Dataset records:
----
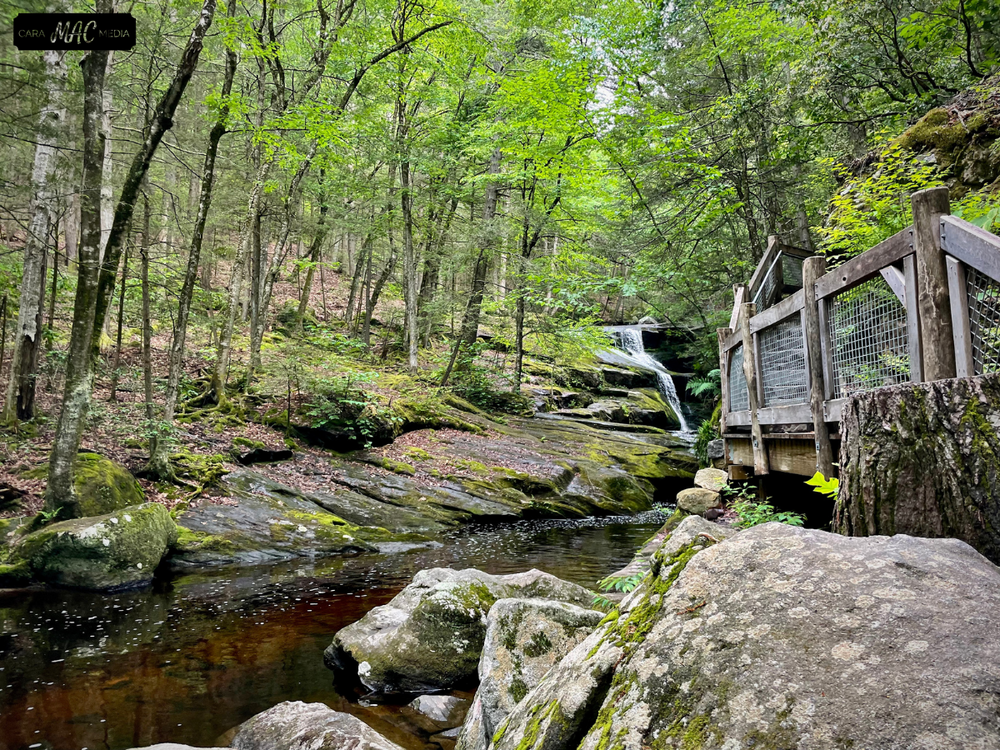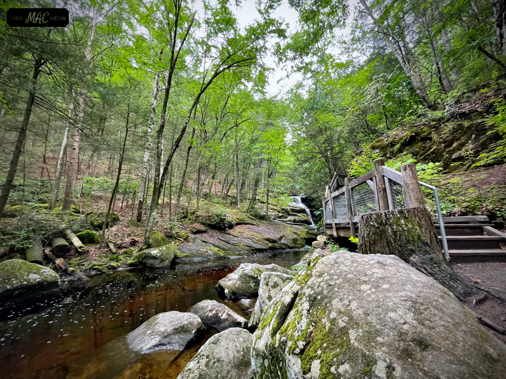 This area contains naturally occurring hazards associated with rocks, steep slopes, and cliffs. Rocks are extremely slippery when wet. Swimming or wading are not recommended in this area. Stratton Brook State Park in Simsbury is a great alternative for swimming.
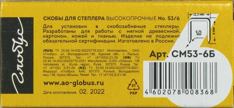 Скобы для степлера тип 53, 6мм, 1000шт (СМ53-6Б) информация:
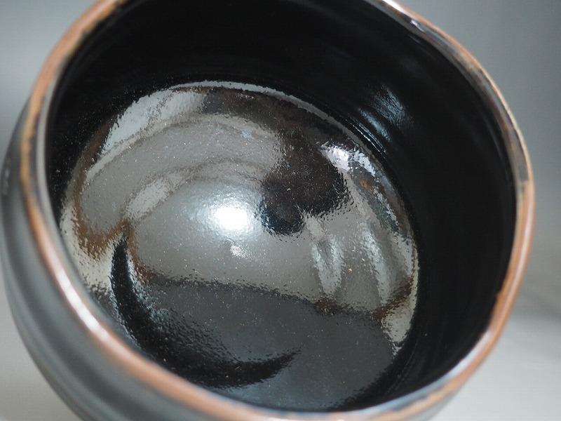 | A4050 秀山窯 加藤秀三 作 天目釉 茶碗 紙箱付 ☆ 茶道具 茶器 抹茶器 抹茶道具 茶懐石 茶事 抹茶碗 陶器 作家物 在銘 陶印 美品 良品 無傷 | ||
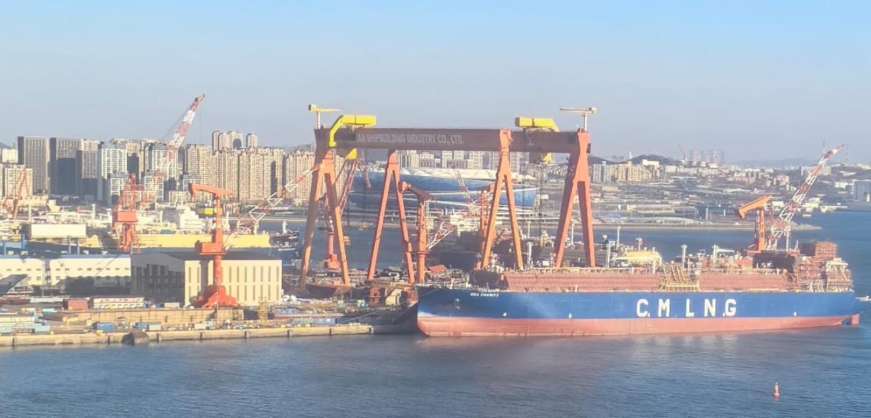 12月25日北方某地004侧视图 LNG船走了一艘,但还有一艘,004露出一半,可以清晰地看到突出船坞坑的船体 以后可以基本每日观察004这“世一航”的建造进度了 图源小红书烽火问鼎计划
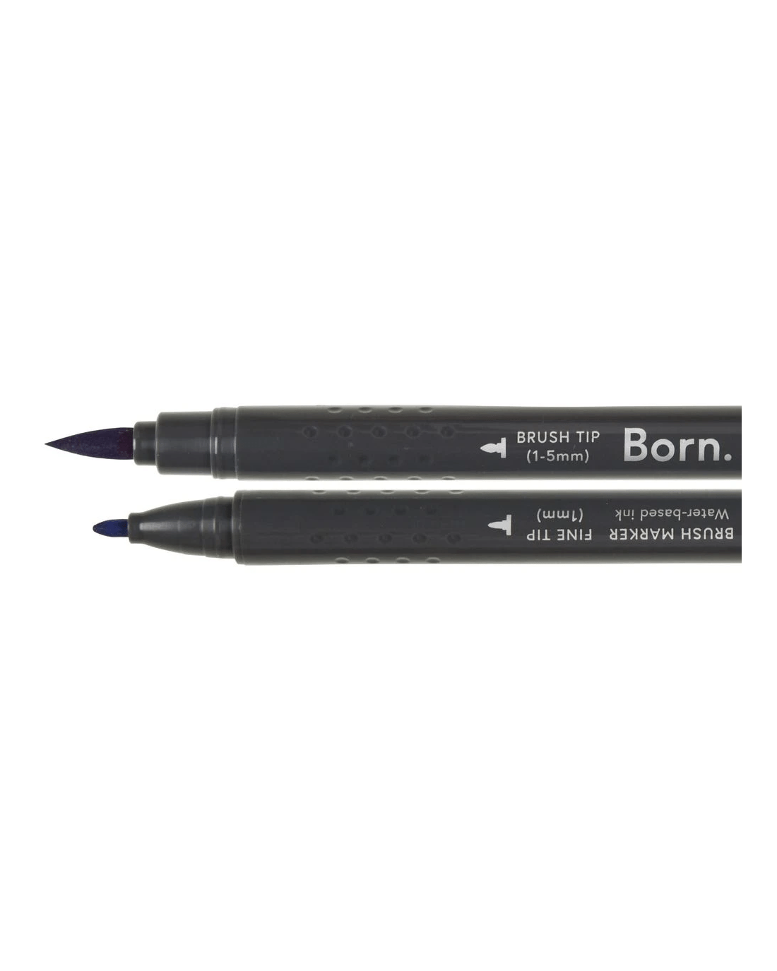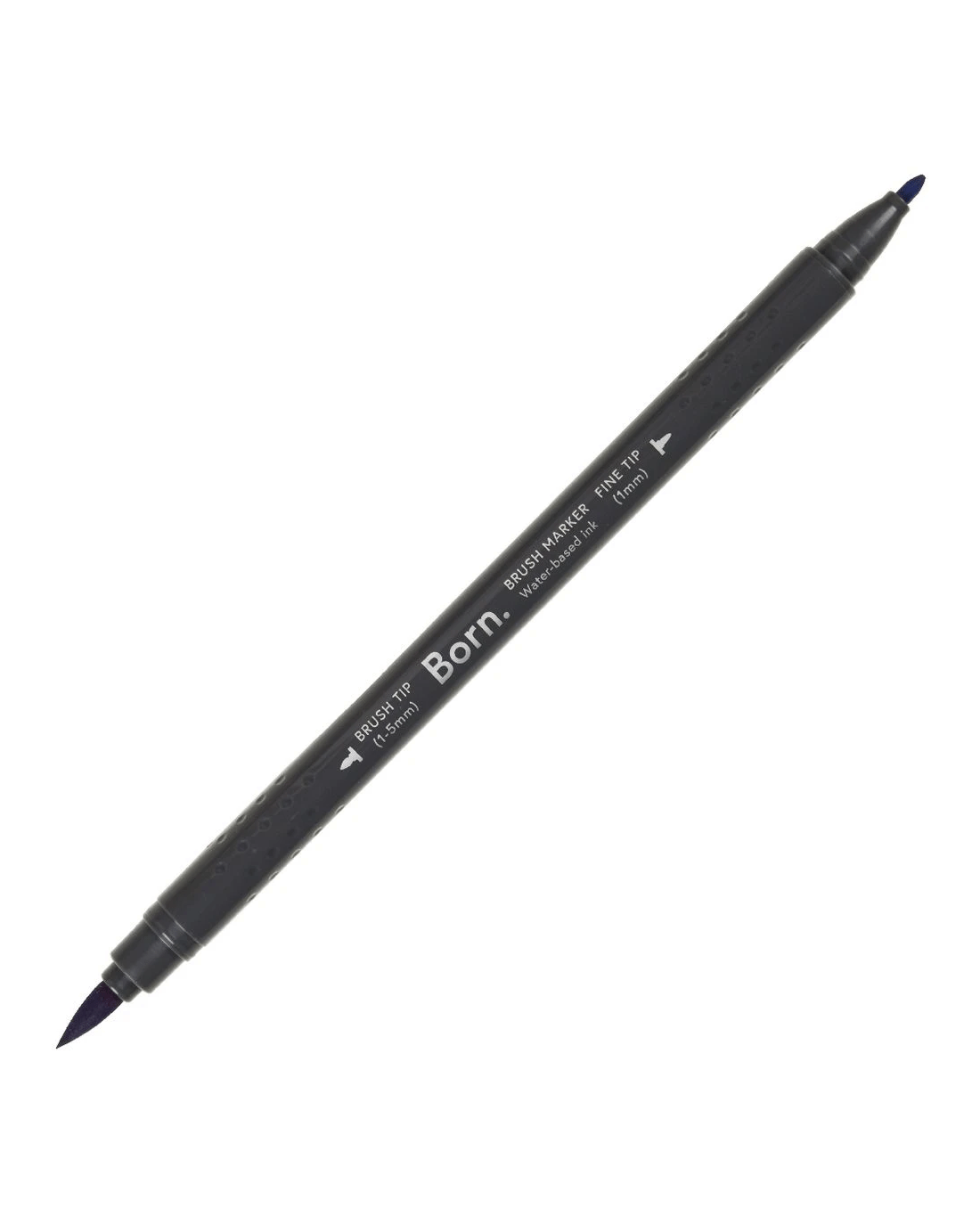 This Born Professional Dual-Tip Brush Marker features water-based ink and a triangle barrel for comfort and control. One side has a fine tip, while the other side has a brush tip, allowing you to create different strokes and effects.
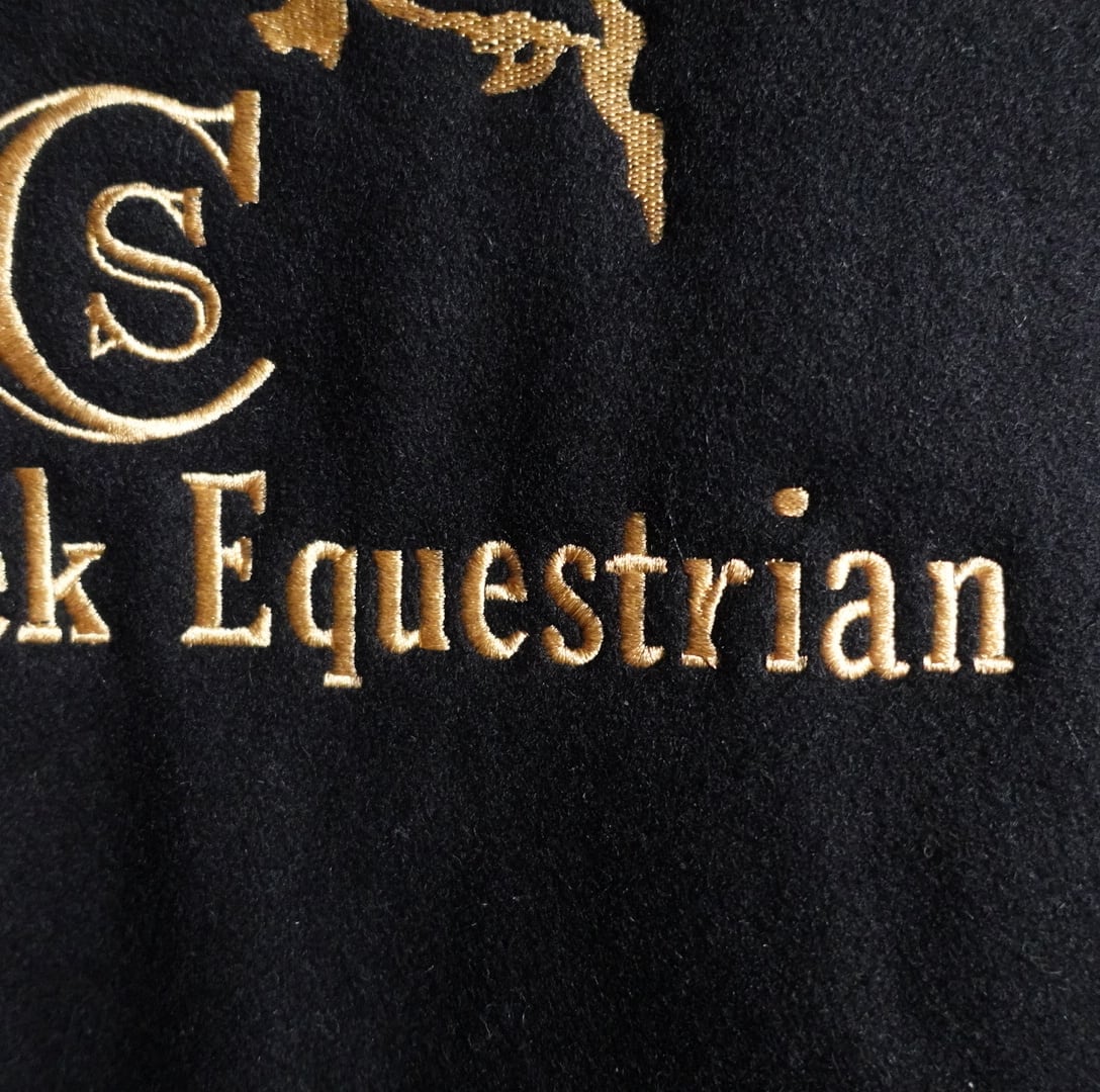 Black Melton x Leather Horse Embroidered Design Stadium Jacket
----
Problem requirements: In the records above, find the line that contains "美品 良品 無傷 | ||", then write it out along with every line after it, exactly, through the last one. Leave the pictures out.

Answer for the task:
 | A4050 秀山窯 加藤秀三 作 天目釉 茶碗 紙箱付 ☆ 茶道具 茶器 抹茶器 抹茶道具 茶懐石 茶事 抹茶碗 陶器 作家物 在銘 陶印 美品 良品 無傷 | ||
 12月25日北方某地004侧视图 LNG船走了一艘,但还有一艘,004露出一半,可以清晰地看到突出船坞坑的船体 以后可以基本每日观察004这“世一航”的建造进度了 图源小红书烽火问鼎计划
 This Born Professional Dual-Tip Brush Marker features water-based ink and a triangle barrel for comfort and control. One side has a fine tip, while the other side has a brush tip, allowing you to create different strokes and effects.
 Black Melton x Leather Horse Embroidered Design Stadium Jacket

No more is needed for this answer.